8/14/2014

Tam, gdzie żyją dzikie stwory


Kiedy przeglądam "Dzikie stwory", czuję za plecami pokolenia małych czytelników. Zaglądają mi przez ramię i uśmiechają się z rozczuleniem. Mówią to, co mam nadzieję powiedzą za kilkanaście moje dzieci, kiedy odkurzą dziecięcą półkę i znajdą na niej Sendaka. "Zjemy cię. Tak cię kochamy!".
Po więcej o "Tam, gdzie żyją dzikie stwory" zapraszam TUTAJ (klik!).

8/10/2014

Domino i Muki. Po drugiej stronie czasu



Domino i Muki. Po drugiej stronie czasu
Zofia Stanecka
il.
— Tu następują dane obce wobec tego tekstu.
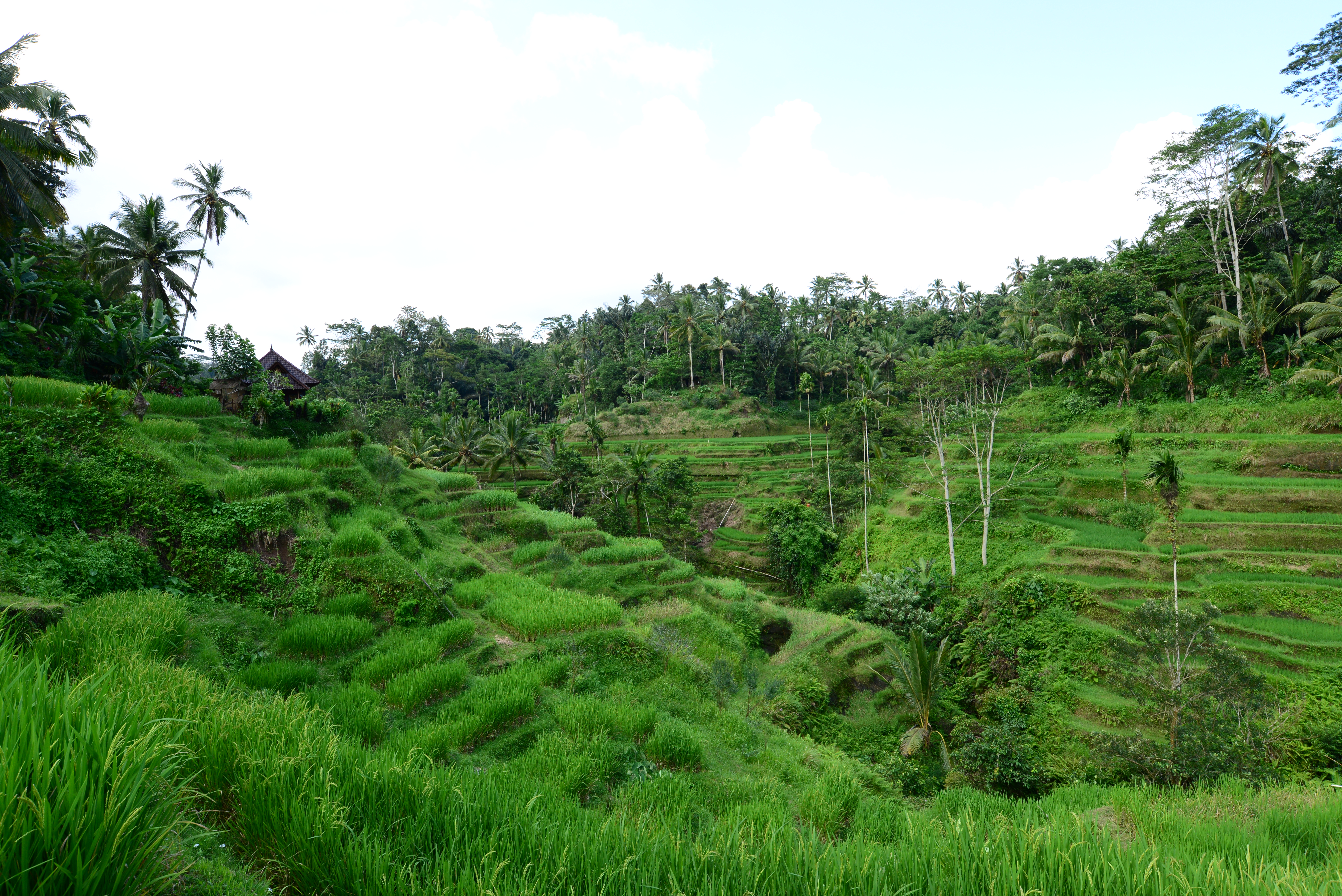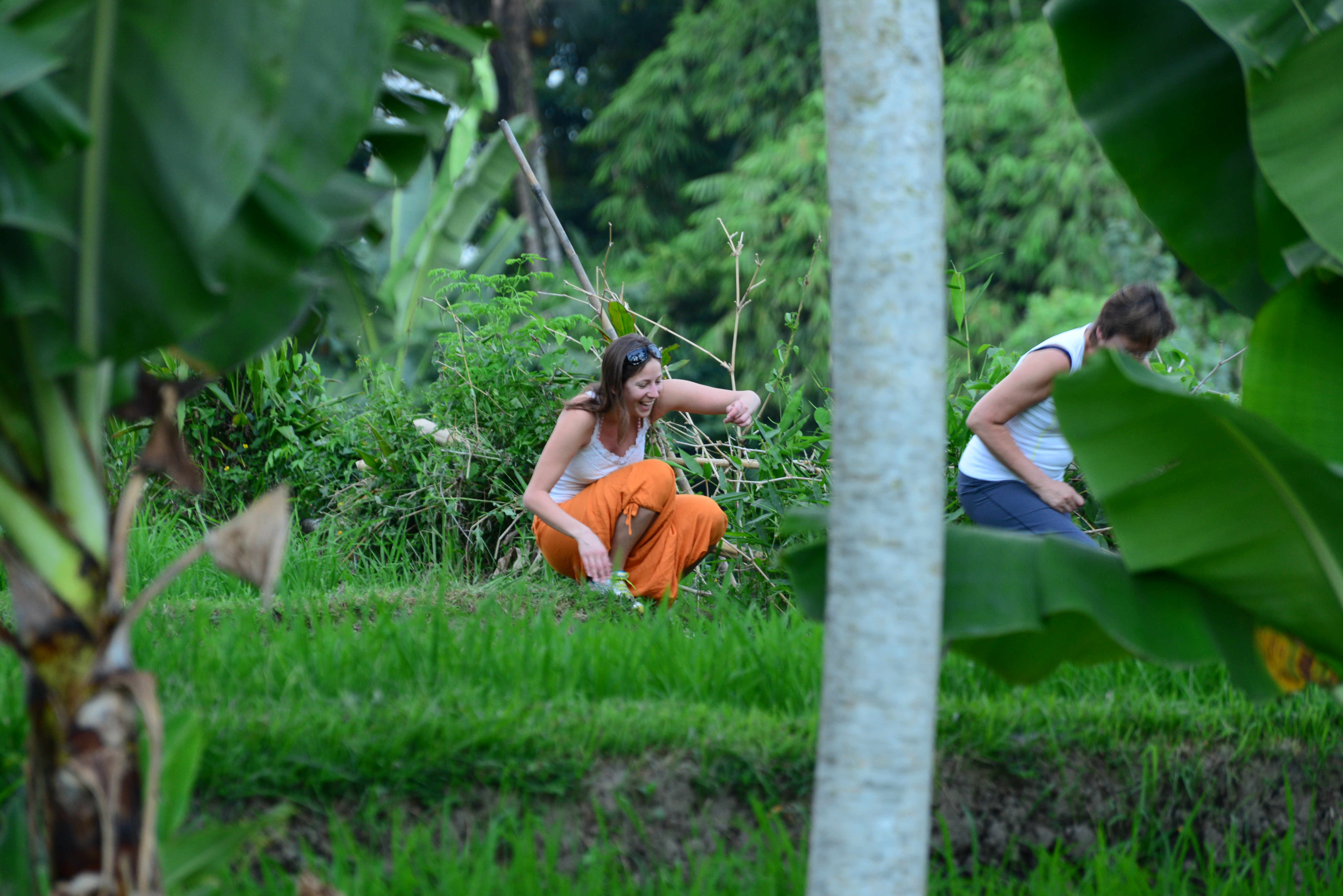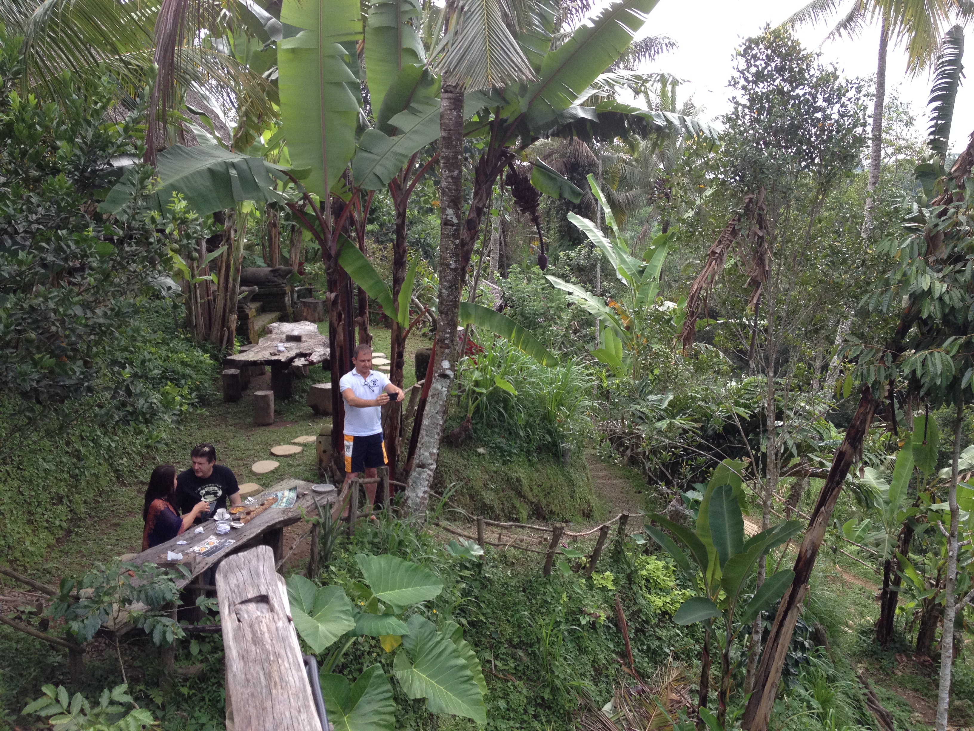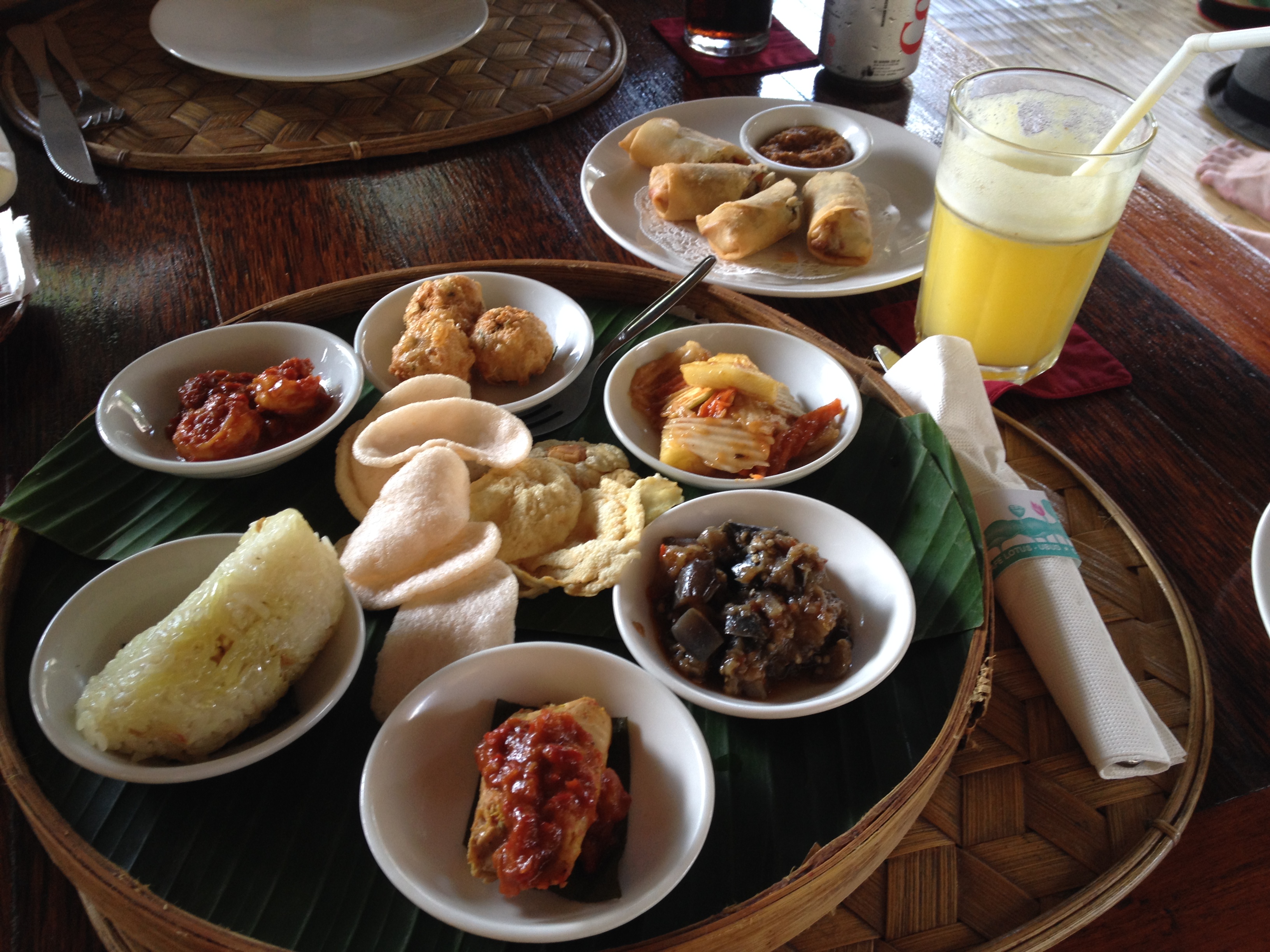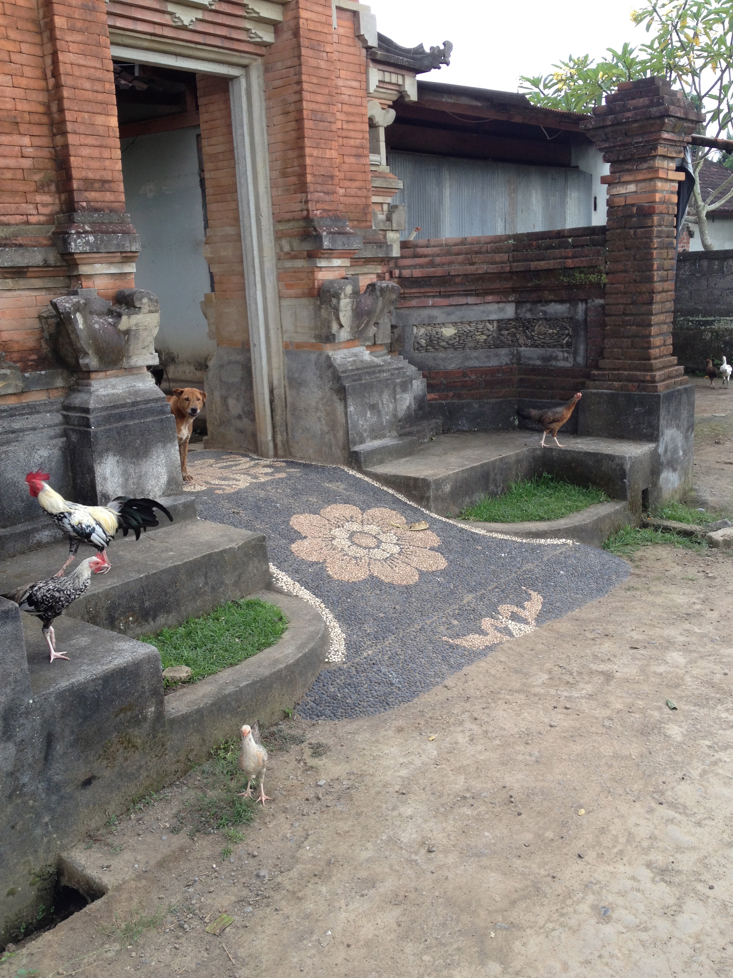 Il nous dépose au plein milieu de nulle part au Karsa Kafe, un petit bijou de charme avec des salons sur pilotis où nous mangeons face aux fleurs, aux palmiers, aux rizières et toujours avec le chant des coqs. Des brochettes satay, du nasi goreng, des spring rolls aux sauces des plus parfumées et exquises, avec des jus frais joliment servis – et le tout pour deux ou trois francs par personne (prix plus impressionnant en rupiahs vu qu’un franc suisse équivaut à 13’000 rupiahs).

Daniel de Latour
Wydawnictwo W drodze 2014















Zofia Stanecka ma z pewnością na tyle silnie wyrobioną pozycję, że neutralność światopoglądową może sobie schować w przysłowiową kieszeń. I całe szczęście, bo inaczej książka, która leży przede mną nie ujrzałaby światła dziennego, albo co najwyżej zasiliła ofertę parafialnych księgarenek. Tymczasem "Domino i Muki. Po drugiej stronie czasu", pozycja o wyraźnie tradycyjnej wymowie, ma szansę trafić do szerokiego odbiorcy, pod płaszczykiem książki przygodowo-fantastycznej.

Płaszczyk ten, skrojony zgodnie z najnowszymi trendami, jest jak zwykle u Staneckiej świetnie skomponowaną, trzymającą w napięciu i dowcipną historią, którą z żalem odkłada się na półkę. Autorka nie stosuje łopatologicznego dydaktyzmu, starając się raczej w przygodowym zamieszaniu zgrabnie przemycić kwestie, które, mam wrażenie, mogły skłonić ją do podjęcia właśnie tego tematu.

Zaczynając czytać, wiedziałam o fabule zaledwie tyle: Bohaterowie książki, wpadając w wyrwę w nieczynnym tunelu pod Wisłostradą, przenoszą się w czasie i trafiają do średniowiecznego Gniezna, w którym przebywa właśnie święty Wojciech. Szybko przekonałam się, że historia staje się pretekstem do pokazania początków chrześcijaństwa na ziemiach polskich, atmosfery rozdarcia między tym co pogańskie, często okrutne i bezwzględne, ale od wieków zakorzenione w ludzkich zwyczajach, a tym co chrześcijańskie, świeże i nieznane, ale na swój sposób intrygujące i niosące powiew nowych, lepszych relacji między ludźmi, atmosfery nadziei.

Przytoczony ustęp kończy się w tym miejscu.